*** Opening of PROVIDED DATA ***

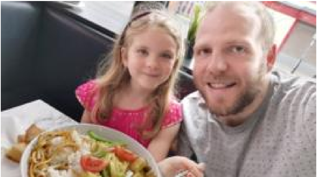
'I saved £200 doing Eat Out to Help Out every day'
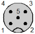
Figure 7: Contact configuration M12 plug
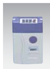
ZS-920PK ECG, Resp
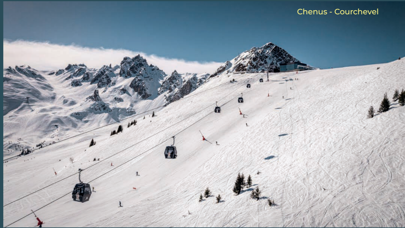
Chenus - Courchevel
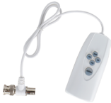
PFM820 UTC Controller
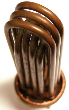
Copper heating element - exclusive to Stiebel Eltron!

* Single unit, switchable between 7.2 kW and 9.6 kW at installation via jumper
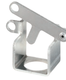
Push Button Lockout GO-8665
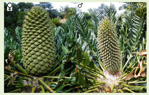
Testing lipids presence and the effect of desiccation on Cycad pollen

*** Close of PROVIDED DATA ***

- _DESCRIPTION OF THE TASK_: Could you return all of the entries above exactly, without any images?

- _TASK OUTPUT_:
'I saved £200 doing Eat Out to Help Out every day'
Figure 7: Contact configuration M12 plug
ZS-920PK ECG, Resp
Chenus - Courchevel
PFM820 UTC Controller
Copper heating element - exclusive to Stiebel Eltron!

* Single unit, switchable between 7.2 kW and 9.6 kW at installation via jumper
Push Button Lockout GO-8665
Testing lipids presence and the effect of desiccation on Cycad pollen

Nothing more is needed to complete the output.